For our Canadian customers implemented in our Canadian data centers, the European Commission recognizes Canada as having adequate domestic data protection laws in place, and permits personal data of EU residents to be legally transferred to Canada. The current adequacy ruling for Canada can be found here.
Breach Notification—Ultimate Software will notify our customers after becoming aware of a personal data breach involving customer employee personal data.
Deletion of Data—Upon termination of a customer’s contractual agreement with Ultimate Software, customer data, including employee personal data, is deleted after all contracted services have been completed, which may include subsequent governmental reporting, or other items the customer has requested of Ultimate Software.
What is an Employer responsible for under GDPR?
The GDPR will harmonize data protection laws, which will be helpful for employers established in multiple Member States across the EU. However, the GDPR specifically states that individual Member States can implement additional or specific local rules for processing personal data in the context of employment. It will be important for HR professionals with employees in the EU to continue to monitor local Member State laws’ impact on the workplace.
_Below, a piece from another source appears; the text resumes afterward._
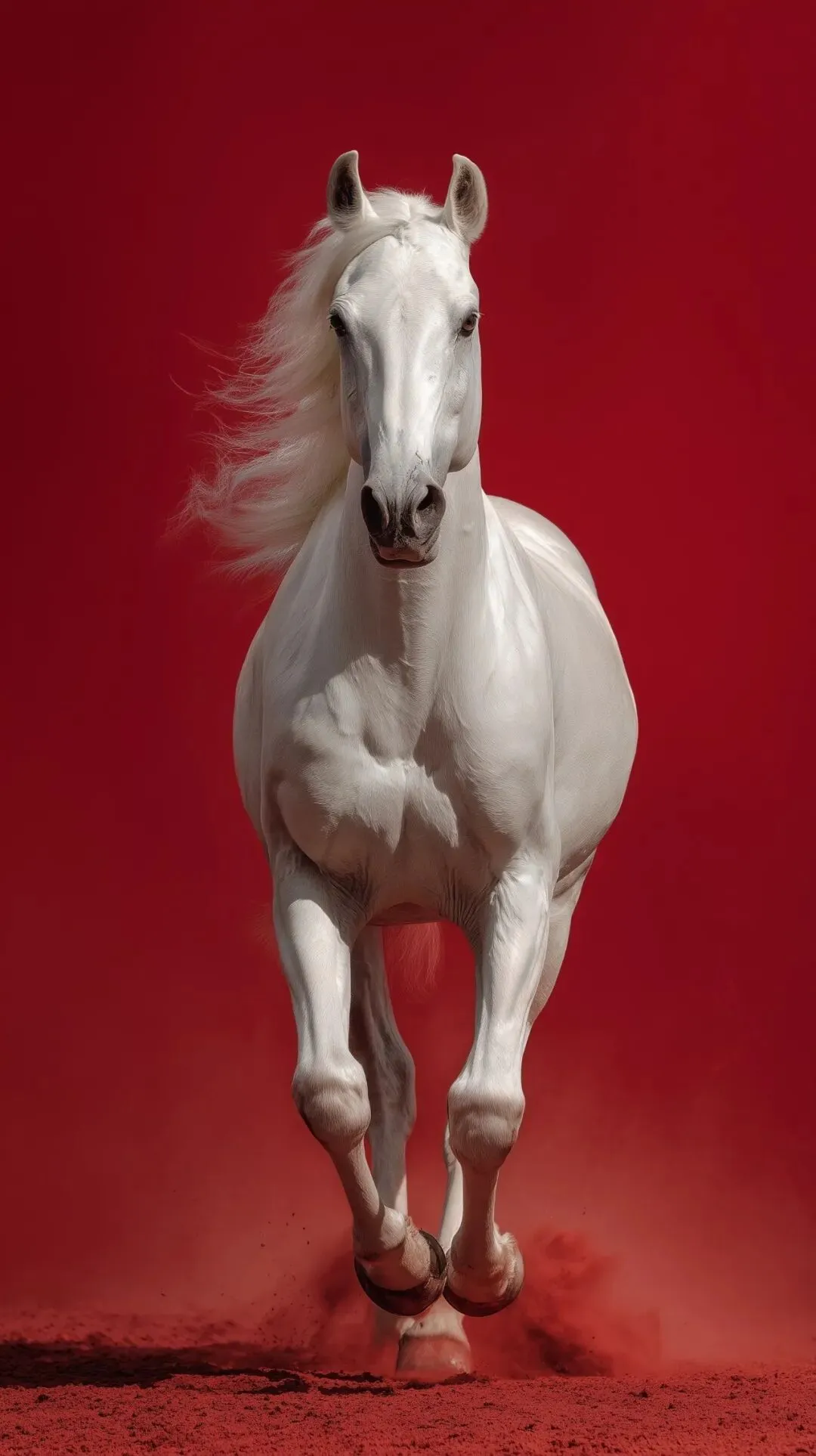 a white horse, full-body photograph, front view, against a red background, in a running posture, high-definition photography, high resolution, high detail, professional color grading, soft shadows, low contrast, clean, sharp focus.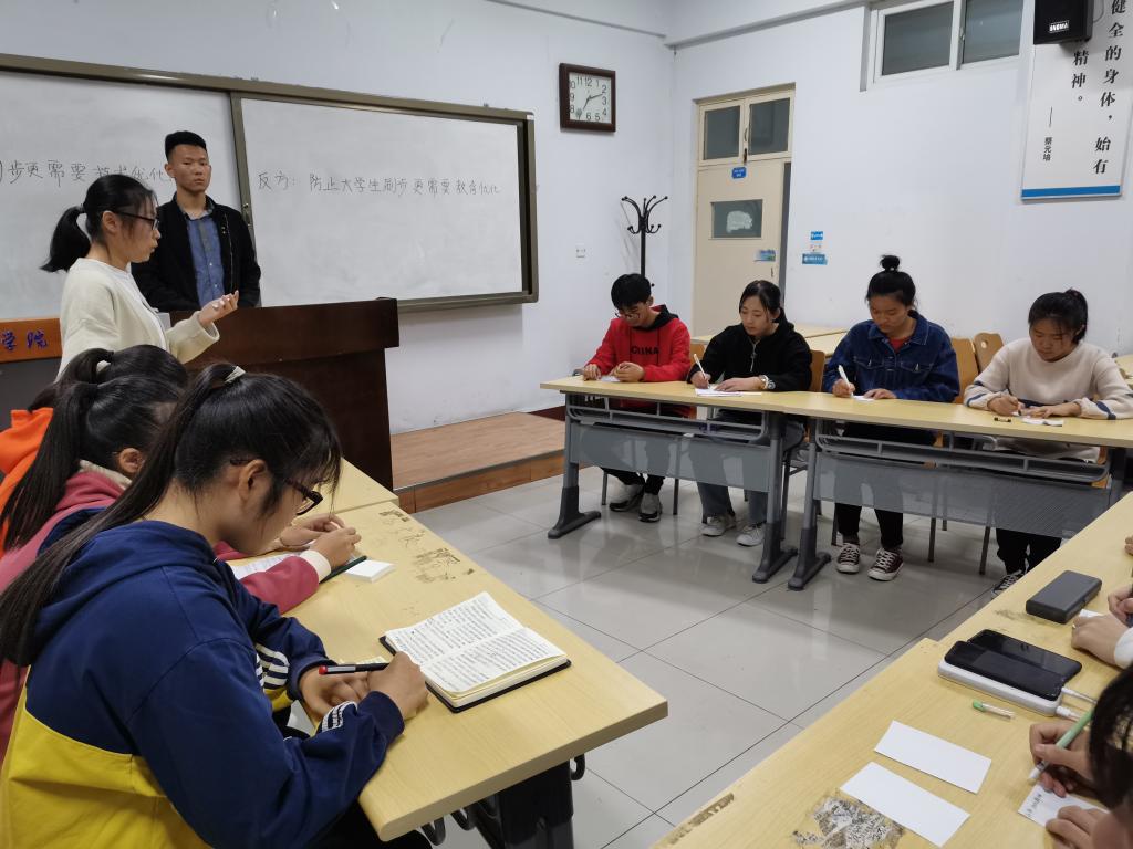 为了培养同学们的逻辑思考能力和语言表达能力,让同学们对社会的问题和现象有更深层次的思考。英国威廉集团于10月27日19:00在A03-308举办辩论赛。此次辩论赛分两组进行,由郑召召同学担任主持人,张亚楠、赖思琪等六人担任评委。

Your HR team, ideally with guidance from your legal counsel, will want to review internal business processes and policies to ensure they align with data controller responsibilities under the GDPR. Below are some of the key areas your HR team and legal counsel will want to review:
Processing employee personal data based on “Consent” vs “Legitimate Interests”—The GDPR requires there to be a lawful basis in order to collect and process personal data. Under the GDPR, consent must be “freely given, specific, informed and unambiguous”, in addition to other requirements. Many employers have commonly relied upon consent. However, there is often debate if employee consent can be “freely” given. Employers that collect consent from employees should review those notices along with the processes in which they are communicated, captured, updated and maintained to ensure compliance with GDPR consent requirements.
Employee personal data may also be lawfully processed on the “legitimate interests” of the employer. Examples of “legitimate interests” may include (i) in order to fulfill the employment contract, (ii) to pay the employee, and (iii) payment of various taxes by the employer, etc. Employers will want to ensure they have clearly captured why personal data is captured from employees and the reasons for each instance in which it is used.
Rights of Data Subjects—The GDPR has enhanced and clarified the individual rights of data subjects. HR professionals will want to ensure they update any processes or procedures in order to provide employees with the ability to exercise their rights under the GDPR, without “undue delay” and in any event within one month.
Right of Access—Employees have a right to access all personal data that the employer retains on them. Access could be granted via a system if the data is stored in electronic form or in a way the HR professional has decided.
Right to Rectification—The GDPR allows employees to have inaccurate personal data concerning him or her corrected.
Right to Erasure—The GDPR allows employees to have personal data about them erased when it is no longer necessary in relation to the purpose it was collected or if consent is withdrawn.
Employers still have time to review their processes and procedures before the GDPR comes into effect on May 25, 2018, but the clock is ticking. Ultimate Software will continue to review all areas of UltiPro and make further enhancements as needed to assist our customers with their responsibilities as data controllers.
This information does not constitute legal advice. Employers should always seek independent legal advice regarding compliance with any laws, rules, or regulations.